» Instructions for the task
Starting at the line below with "This modified damascus" and stopping at the line with "A second employee", please print each line exactly, those two included, and skip every picture.

(Extracted data entries)
* * * * * * *

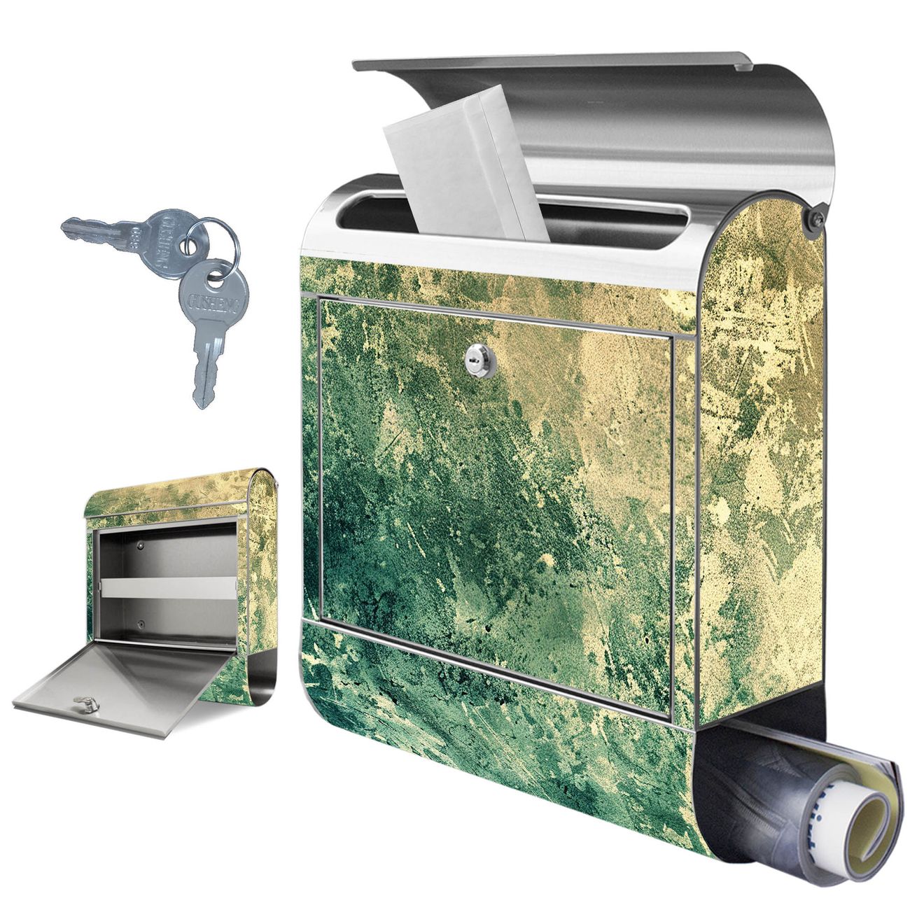 Wandbriefkasten Edelstahl Motiv Grüne Patina
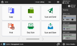 Press displayed on the <Home> screen and the Basic Features screen to customize the screen such as rearranging buttons or creating a shortcut key. Customizing the Touch Panel Display![]() You can change settings regarding the screen display, such as which screen appears immediately after turning ON the machine, and whether the message appears for remaining paper and toner. <Display Settings> You can set the screen to be displayed when a certain amount of time has passed without operation. <Function After Auto Reset> |
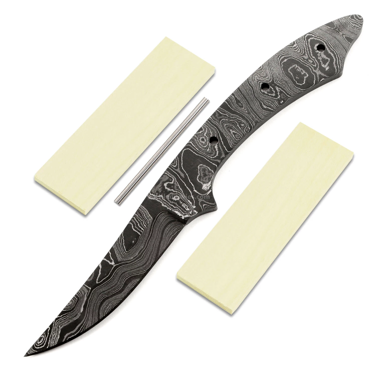 This modified damascus persian blade blank design is called the “Cuda”. It is a USA Made carbon steel damascus fixed blade knife blank that is hollow-ground and ready to build. This damascus persian knife kit model will make a fantastic personal carry utility knife. The straight-forward simplicity of the design also makes this damascus blade blank a great pick as a collectible gift project. With a blade length of 3.125 inches and an overall length of 7.95 inches, this modified persian knife kit design even works well as aconceal-carry personal knife. Ground on both sides, the Cuda’s blade is 0.75 inches wide with a 0.150 inch thickness. This damascus knife blank design features (3) 0.125 inch through-holes for handle construction (stainless steel pinstock included). The holes on the knife kit can be easily modified to work with larger pinstock or threaded fasteners.
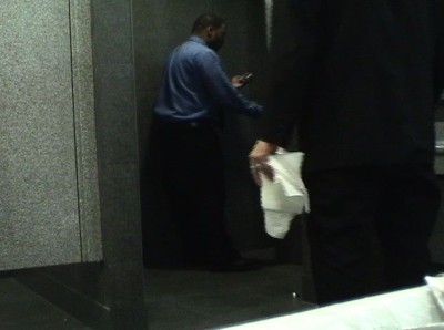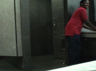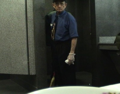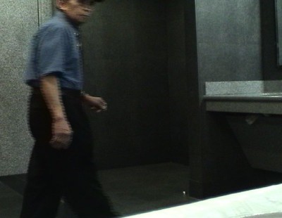 A second employee entered the bathroom, Rafael. He sweeps and leaves, giving Simmons a suspicious eye, but not responding to Simmons’ friendly banter.
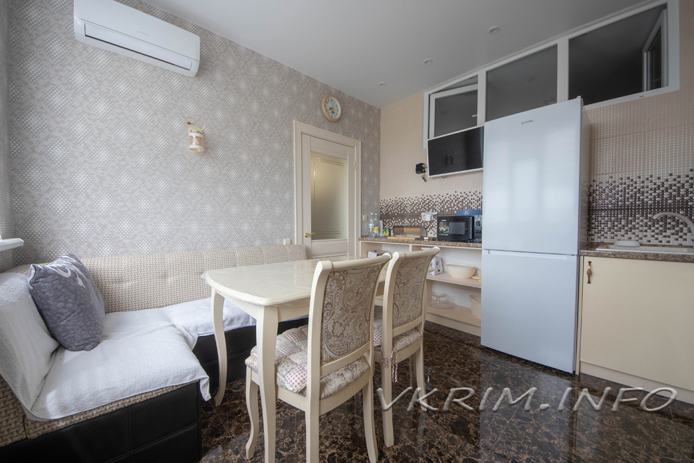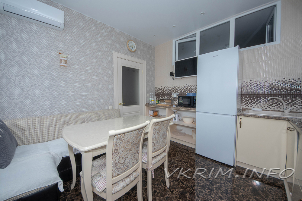 - Квартира оборудована современной кухней, ванной комнатой, мебелью, комфортными спальными местами, необходимой бытовой техникой а также посудомойкой и двумя кондиционерами.
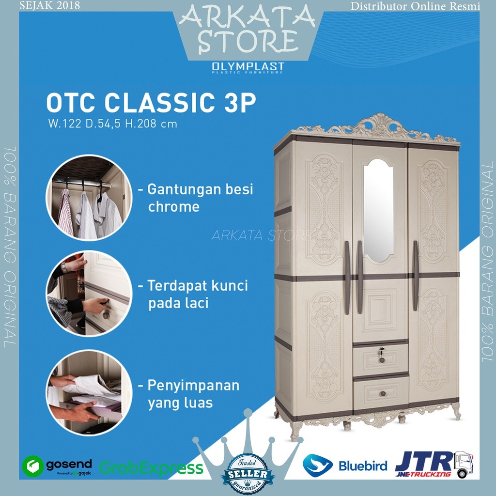 LEMARI PAKAIAN PLASTIK 3 PINTU CERMIN + LACI OLYMPLAST OTC 3PL - ST2 CLASSIC HANGER - GANTUNG - RAK / LEMARI PLASTIK 3P
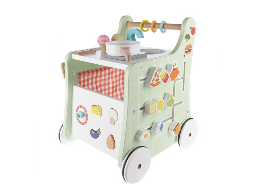 drevená rukoväť, ktorej sa dieťa môže držať. Štyri tiché kolieska potom pomáhajú

* * * * * * *

» Your solution
 This modified damascus persian blade blank design is called the “Cuda”. It is a USA Made carbon steel damascus fixed blade knife blank that is hollow-ground and ready to build. This damascus persian knife kit model will make a fantastic personal carry utility knife. The straight-forward simplicity of the design also makes this damascus blade blank a great pick as a collectible gift project. With a blade length of 3.125 inches and an overall length of 7.95 inches, this modified persian knife kit design even works well as aconceal-carry personal knife. Ground on both sides, the Cuda’s blade is 0.75 inches wide with a 0.150 inch thickness. This damascus knife blank design features (3) 0.125 inch through-holes for handle construction (stainless steel pinstock included). The holes on the knife kit can be easily modified to work with larger pinstock or threaded fasteners.
 A second employee entered the bathroom, Rafael. He sweeps and leaves, giving Simmons a suspicious eye, but not responding to Simmons’ friendly banter.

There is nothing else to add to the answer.